Enron: The Florida connections
By HELEN HUNTLEY, STEVE HUETTEL and ADAM C. SMITH
© St. Petersburg Times
Managers of part of Florida's pension fund shared that optimism, buying about 540,000 shares in late September for about $14-million.
Less than a month later, Lay's predictions proved dead wrong. Enron was losing millions and the Securities and Exchange Commission was investigating its thicket of partnerships.
So what did Alliance Capital, managers of Florida's pension fund, do next?
The New York firm sunk another $7-million of Florida's money into Enron shares on the very day Enron disclosed the SEC investigation.
The stock price continued to tumble, from highs of more than $80 a share to lows of $9 in November. Alliance kept buying, adding $28-million in shares.
Alliance didn't cash out of the Enron stock until it traded at 28 cents a share, two days before the company filed for bankruptcy.
Altogether, the retirement fund ended up losing $325-million on Enron stock and an additional $9-million on Enron bonds, most of it at the hands of Alliance.
That made Florida's pension fund the biggest loser in the nation's biggest business collapse.
While the loss is just one-third of 1 percent of Florida's $93-billion fund, it raises big questions about the money manager's bad calls, possible conflicts of interest and the state's loose guidelines for investing the retirement funds of 213,169 retirees and 612,391 active workers.
The fund has close ties to Gov. Jeb Bush's administration. For instance, its deputy executive director is Coleman Stipanovich, brother of J.M. "Mac" Stipanovich, a top adviser in Bush's first gubernatorial campaign.
Bush is one of three elected officials overseeing the Board of Administration, which picks the money managers.
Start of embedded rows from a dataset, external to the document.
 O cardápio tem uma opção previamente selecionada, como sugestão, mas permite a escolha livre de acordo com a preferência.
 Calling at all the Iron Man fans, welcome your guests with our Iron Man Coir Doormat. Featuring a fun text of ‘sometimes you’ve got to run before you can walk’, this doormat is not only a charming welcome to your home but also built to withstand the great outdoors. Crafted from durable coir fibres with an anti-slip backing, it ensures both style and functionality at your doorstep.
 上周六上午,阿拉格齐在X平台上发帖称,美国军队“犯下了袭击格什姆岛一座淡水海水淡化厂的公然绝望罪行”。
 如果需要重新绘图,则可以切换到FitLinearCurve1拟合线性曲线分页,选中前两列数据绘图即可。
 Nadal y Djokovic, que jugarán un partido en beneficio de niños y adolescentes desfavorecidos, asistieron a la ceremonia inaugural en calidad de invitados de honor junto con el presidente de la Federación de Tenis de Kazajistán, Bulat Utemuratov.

The board is supposed to monitor them, but no one in the state told Alliance to bail, even as the stock did a free fall over four months.
"In retrospect, I wish we had," board director Tom Herndon said last month. Herndon was chief of staff to former Gov. Lawton Chiles.
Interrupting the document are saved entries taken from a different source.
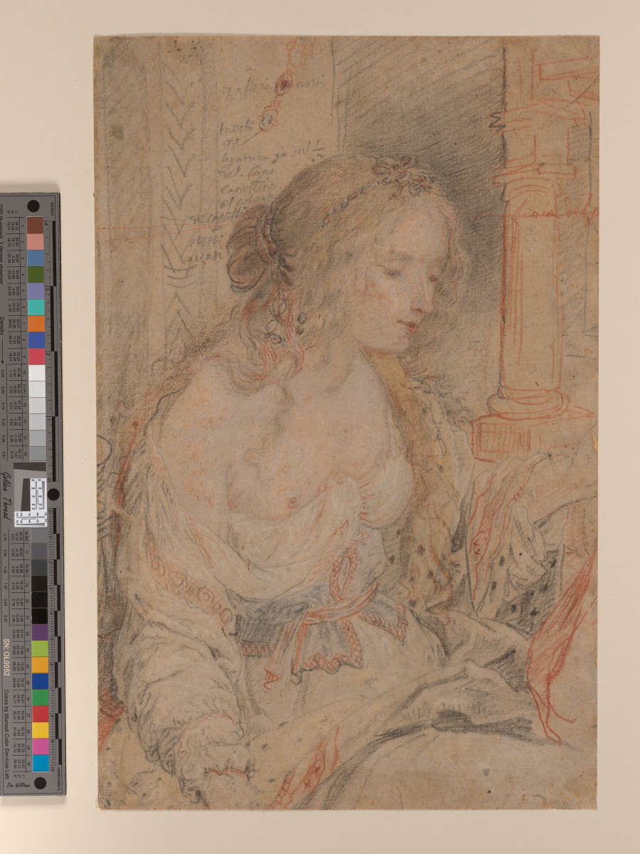 Double-sided sheet: Recto: Half-length study of Young Woman; Verso: Study of a Kneeling Man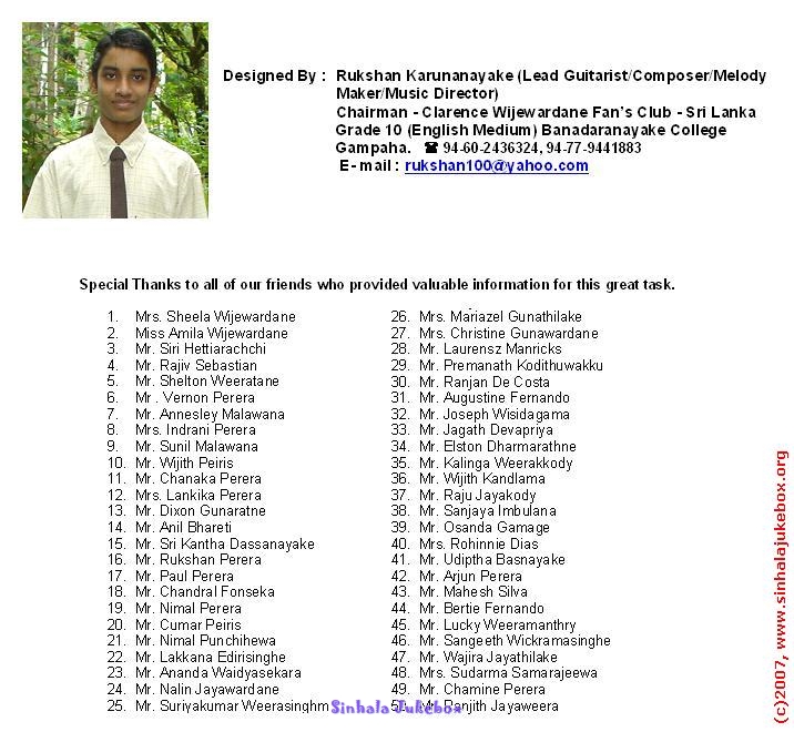 ©2000-2014, Sinhala Jukebox - A Jukebox of Songs from Sri Lanka.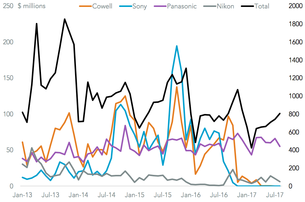 The Chinese camera industry more broadly has seen a similar problem. Exports of cameras fell by 43.2% over the same period, with shippers including Sony and Cowell having exited the market. A few have expanded however, led by Panasonic which actually increased shipments by 48.0%.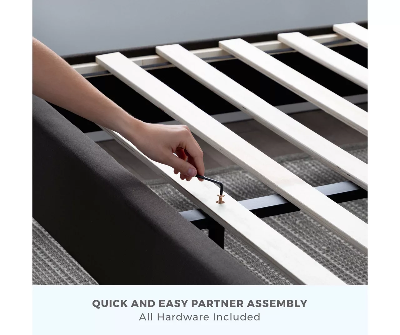 - Includes bed frame, headboard, side and foot rails, legs, 14-piece slat roll and all hardware needed for assembly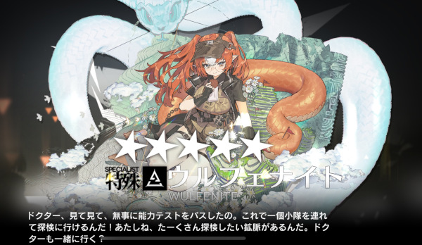 ウルフェナイトは私自身も「好きなビジュアルのオペレーターだ!メガネ!?ヘビモチーフ!?尻尾ふっと!ストーリーより前に一旦お迎えするぞ!」と歓喜しましたが、流石にこの記事みたいなスピード感はなかった……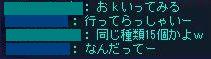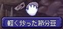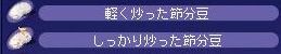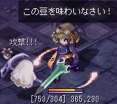 ボリスの笑顔か……グラフィックのあれで私は十分だけどな。 ルシなみに全開の笑顔も1度くらいはいいかもしれませんが たぶん見てるこっちが恥ずかしい。うん。 面白いのがいっぱいで読んでて楽しかったです、願い事。 テチがほうきに乗って空を行くならルシはスケートで地面を行くさー。 今度のイベントは節分。 お豆イベントって初めてです、この時期は米粉とかゼラチンとか集めるのに 奔走してた覚えしかないや。 豆っていうのは小さいもののたとえだったはずなのですが でかいよ、豆。 ミスティックの鎖ってだいぶ重たいシロモノなのに、それと同等の大きさの豆ってそれは本当に豆ですか。 いや、リアルサイズにしたら落ちてるのにまず気づかないでしょうけども! 混乱9でお金稼ぎのためにピコックとバッドブロウとミスティックを狩っていたのですが たまーにボリスのレベルでも落っこちるみたいです。 重量いっぱい狩りを2回して、2種各7,8個くらいの落下率です。 でもAD2よりはまだ落ちる方かなぁ。。。混乱9。 炒った豆からは芽が生えない……と思うのですが、しっかり炒った豆の方から 芽が出てるように見える。 何の昔話だったかなぁ。。。 鬼に炒ったお豆を投げつけて、「この豆から芽が出たらうちの娘を嫁にやる」って 鬼を追い返す話があったような。 イベント会場がクラドの村長さんのお宅。 そんな狭い場所に行ったらイベント期間が終了するまで 村長さん宅にボリスが囚われの身になります。 ――ので、2種合わせて15個あった豆をクラメンさんに贈呈して 様子を見に行ってもらいました。 豆の種類でちび鬼か大鬼か決まるんでしょうかね。 退治法は豆投げじゃなくてあの大きさじゃむしろ砲丸投げ…… 鬼には投げられないので、その辺の敵に投げてみた。 投げても投げても減らない不思議豆。 これは明日また修正が入るでしょうね。 イベントの紹介ページにあったGMさんの頭上にある台詞も 豆を投げたら自動的に出るもののようで。 他に 豆腐より納豆の方が投げられたら嫌だ。 影塔の敵のHP、いくつあると思ってるのー どうにも負け惜しみの台詞に聞こえてしょうがない。 最後は『ふっ、今日はここまでにしておいてやる』で逃亡するしかなさそうな。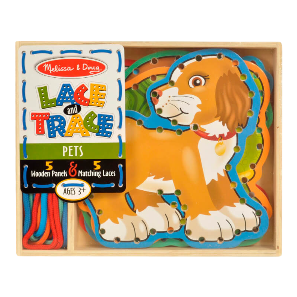 With adorable pets pictured on both sides, it's fun to practice lacing and tracing skills. This wooden set contains five sturdy, double-sided lacing panels, plus five color-coordinated laces! Develop hand-eye coordination and attention skills with this great activity.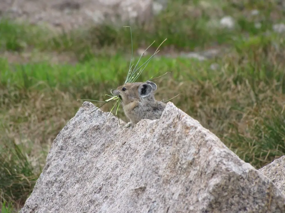 A pika haystack can contain as much as a bushel of plant matter. The pika often moves the pile to protect it from rain or to find a better drying spot. After the vegetation dries, the pika moves it to its den deep in the rocks.

Alliance officials didn't return phone calls seeking comment. But vice chairman Alfred Harrison defended the purchases in a letter to state officials in December. One reason: Alliance believed Enron's planned merger with rival Dynegy would boost the share price. But that deal collapsed. "Even as the share price declined, the basic business appeared to be unaffected and standing alone could more than justify the lower price of the stock," Harrison said.
Amateurs and pros can get burned when they try to guess if a stock has really hit bottom and will rebound to greater gains. Gerald Perritt, a Largo money manager and newsletter publisher, likens it to an invasion of cockroaches.
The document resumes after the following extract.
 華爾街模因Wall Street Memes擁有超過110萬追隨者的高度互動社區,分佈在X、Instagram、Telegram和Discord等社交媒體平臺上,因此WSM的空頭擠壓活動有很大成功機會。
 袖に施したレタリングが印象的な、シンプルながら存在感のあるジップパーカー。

The theory is that corporate bad news is equivalent to spotting one roach on the kitchen floor. You know there are probably more, so it's time to exterminate. Money managers who believe in the cockroach theory sell on the first bit of bad news. Those who take a chance that it's just one roach, or just one blip of bad news, may end up screaming.
Alliance officials "are not dumb people," Perritt said. "They were operating on ideas, theories, a chronology of events that they thought, when it unfolded, would make them a lot of money in this stock."
Others question if it was more than a hunch about the stock's rebound. Was there an insider influencing Alliance to buy Enron shares?
One of Alliance's former executives, Frank Savage, served as an Enron director. While Alliance has said Savage didn't influence the Enron investment, Alliance was fired by state officials. Florida Attorney General Bob Butterworth has issued a subpoena for documents as part of a criminal investigation.
Regents for the University of California, whose pension funds lost $145-million, say that as a board member Savage would have approved some of Enron's suspect transactions and signed some of its false and misleading documents. They say this presumed knowledge of what was going on at the company could even weaken Florida's case for damages against the auditors and others involved.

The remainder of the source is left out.